[MATERIAL FOR THIS EXERCISE]

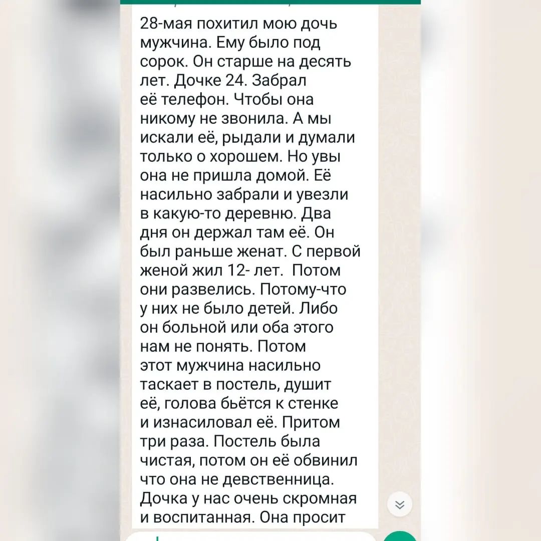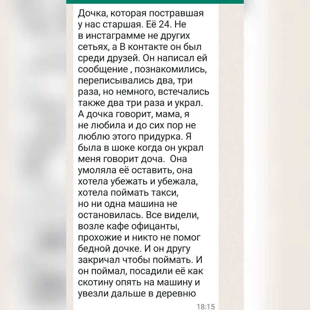 «28 мая похитил мою дочь мужчина. Ему под сорок, дочке — 24. Забрал ее телефон, чтобы она никому не звонила. Мы ее искали, рыдали и думали только о хорошем. Но, увы, она не пришла домой. Ее насильно забрали и увезли в какую-то деревню и держали ее там», — сообщила мама девушки.
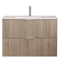 Håndvaskskab Runa Træ Naturlig Mat 80 cm med 2 Skuffer & Vask Hvid Mat
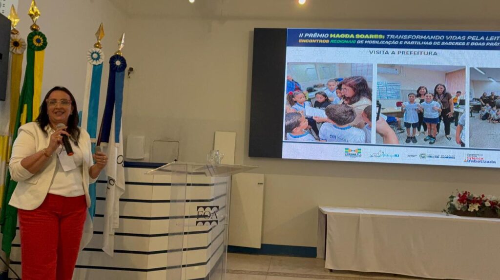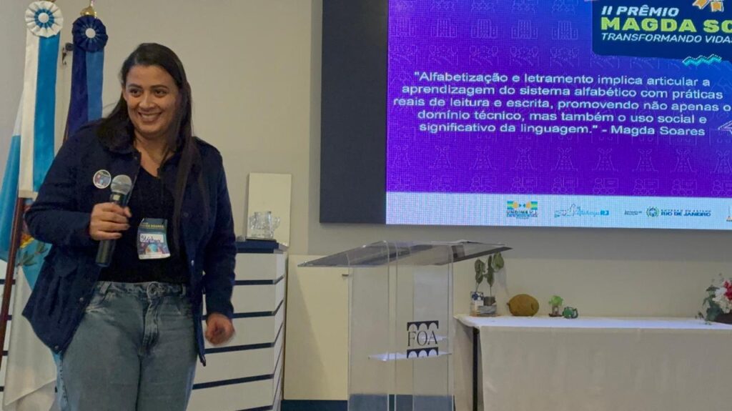 Aconteceu, no último dia 23 de setembro, em Volta Redonda (RJ), a etapa regional do Prêmio Magda Soares: Transformando Vidas pela Leitura. A iniciativa visa valorizar as boas práticas de alfabetização e recomposição da aprendizagem dos níveis do 3º ao 5º ano do Ensino Fundamental e conta com a participação da Rede Pública de Ensino Municipal do estado do Rio de Janeiro. Na ocasião, duas professoras de Quatis participaram da etapa regional do prêmio. Stéphani Lúcia, da Escola Municipal Henry Nestlé, e Vivian Aparecida, da Escola Municipal Profª Julieta Pereira Sampaio, foram as representantes do município no evento.
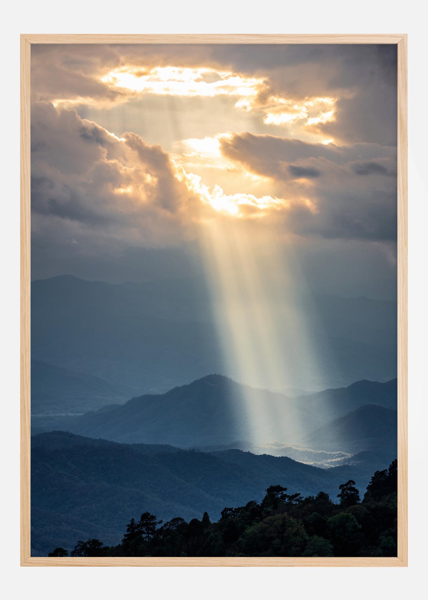 Този вдъхновяващ постер изобразява величествен пейзаж, където слънчевите лъчи пробиват облаците и осветяват вълнообразните планини. Това е сцена, която улавя възвишената красота на природата, с драматично небе, което контрастира с меко очертаните планини. Сенки и светлина играят над пейзажа, създавайки силно усещане за дълбочина и простор.
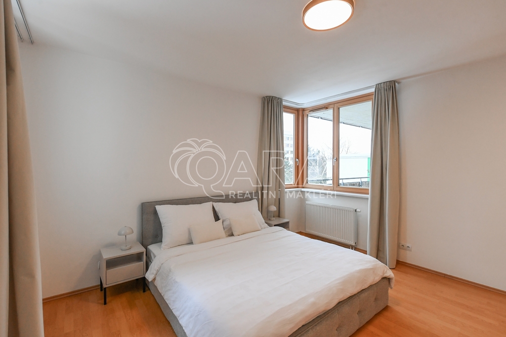 Byt o celkové výměře 82,63 m² (vnitřní plocha – 71,23 m², lodžie – 7,95 m²) je velice dobře dispozičně řešen a tvoří jej: obývací pokoj s kuchyňským koutem a lodžií, velkorysá ložnice jejíž součástí je otevřená šatna, předsíň, samostatné WC a koupelna se sprchovým koutem. V obytných místnostech je položena plovoucí podlaha, v koupelně, předsíni a na WC je dlažba. Orientace oken je na západ. Byt se pronajímá víceméně kompletně viz fotografie. Vytápění domu je dálkové. Dům je vybaven výtahem. K bytu dále náleží komora (3,45 m²) umístěná na patře. V případě zájmu je možnost pronájmu garážového stání.
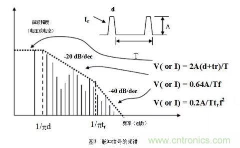 在EMC中,除了基本頻率外,還需考慮諧波因素,通常取十倍頻,但在數(shù)字電路中卻有些不同,比如在時(shí)鐘電路和邏輯門(mén)電路中,輻射帶寬與數(shù)字信號(hào)的上升沿或下降沿有關(guān)系,而不是數(shù)字信號(hào)的重復(fù)周期,其關(guān)系為:rtF?/1max?,其中rt是脈沖的上升沿時(shí)間。例如,典型時(shí)鐘驅(qū)動(dòng)的邊沿速率是2ns,此時(shí),maxF≈160MHz,再考慮十倍頻,則此時(shí)鐘電路可能產(chǎn)生直到1.6GHz的輻射帶寬。所以在選擇器件時(shí)要選擇慢速的邏輯器件系列,因?yàn)槠骷?duì)電磁輻射貢獻(xiàn)的大小與工作頻率無(wú)直接關(guān)系而只取決于邊沿速率(這和從電路功能設(shè)計(jì)上選擇快速器件是矛盾的,在電路設(shè)計(jì)時(shí)需要折中考慮)。還有從器件的抗擾能力上來(lái)說(shuō),CMOS器件是最好的,因?yàn)樗脑肼暼菹薷摺姆庋b上來(lái)說(shuō),BGA是最好的,因?yàn)樗囊€很短。脈沖信號(hào)的頻譜如圖3所示。

[/MATERIAL FOR THIS EXERCISE]

PROBLEM: Could you write out the records again exactly, without any of their pictures?

ANSWER FOR THE TASK:
 «28 мая похитил мою дочь мужчина. Ему под сорок, дочке — 24. Забрал ее телефон, чтобы она никому не звонила. Мы ее искали, рыдали и думали только о хорошем. Но, увы, она не пришла домой. Ее насильно забрали и увезли в какую-то деревню и держали ее там», — сообщила мама девушки.
 Håndvaskskab Runa Træ Naturlig Mat 80 cm med 2 Skuffer & Vask Hvid Mat
 Aconteceu, no último dia 23 de setembro, em Volta Redonda (RJ), a etapa regional do Prêmio Magda Soares: Transformando Vidas pela Leitura. A iniciativa visa valorizar as boas práticas de alfabetização e recomposição da aprendizagem dos níveis do 3º ao 5º ano do Ensino Fundamental e conta com a participação da Rede Pública de Ensino Municipal do estado do Rio de Janeiro. Na ocasião, duas professoras de Quatis participaram da etapa regional do prêmio. Stéphani Lúcia, da Escola Municipal Henry Nestlé, e Vivian Aparecida, da Escola Municipal Profª Julieta Pereira Sampaio, foram as representantes do município no evento.
 Този вдъхновяващ постер изобразява величествен пейзаж, където слънчевите лъчи пробиват облаците и осветяват вълнообразните планини. Това е сцена, която улавя възвишената красота на природата, с драматично небе, което контрастира с меко очертаните планини. Сенки и светлина играят над пейзажа, създавайки силно усещане за дълбочина и простор.
 Byt o celkové výměře 82,63 m² (vnitřní plocha – 71,23 m², lodžie – 7,95 m²) je velice dobře dispozičně řešen a tvoří jej: obývací pokoj s kuchyňským koutem a lodžií, velkorysá ložnice jejíž součástí je otevřená šatna, předsíň, samostatné WC a koupelna se sprchovým koutem. V obytných místnostech je položena plovoucí podlaha, v koupelně, předsíni a na WC je dlažba. Orientace oken je na západ. Byt se pronajímá víceméně kompletně viz fotografie. Vytápění domu je dálkové. Dům je vybaven výtahem. K bytu dále náleží komora (3,45 m²) umístěná na patře. V případě zájmu je možnost pronájmu garážového stání.
 在EMC中,除了基本頻率外,還需考慮諧波因素,通常取十倍頻,但在數(shù)字電路中卻有些不同,比如在時(shí)鐘電路和邏輯門(mén)電路中,輻射帶寬與數(shù)字信號(hào)的上升沿或下降沿有關(guān)系,而不是數(shù)字信號(hào)的重復(fù)周期,其關(guān)系為:rtF?/1max?,其中rt是脈沖的上升沿時(shí)間。例如,典型時(shí)鐘驅(qū)動(dòng)的邊沿速率是2ns,此時(shí),maxF≈160MHz,再考慮十倍頻,則此時(shí)鐘電路可能產(chǎn)生直到1.6GHz的輻射帶寬。所以在選擇器件時(shí)要選擇慢速的邏輯器件系列,因?yàn)槠骷?duì)電磁輻射貢獻(xiàn)的大小與工作頻率無(wú)直接關(guān)系而只取決于邊沿速率(這和從電路功能設(shè)計(jì)上選擇快速器件是矛盾的,在電路設(shè)計(jì)時(shí)需要折中考慮)。還有從器件的抗擾能力上來(lái)說(shuō),CMOS器件是最好的,因?yàn)樗脑肼暼菹薷摺姆庋b上來(lái)說(shuō),BGA是最好的,因?yàn)樗囊€很短。脈沖信號(hào)的頻譜如圖3所示。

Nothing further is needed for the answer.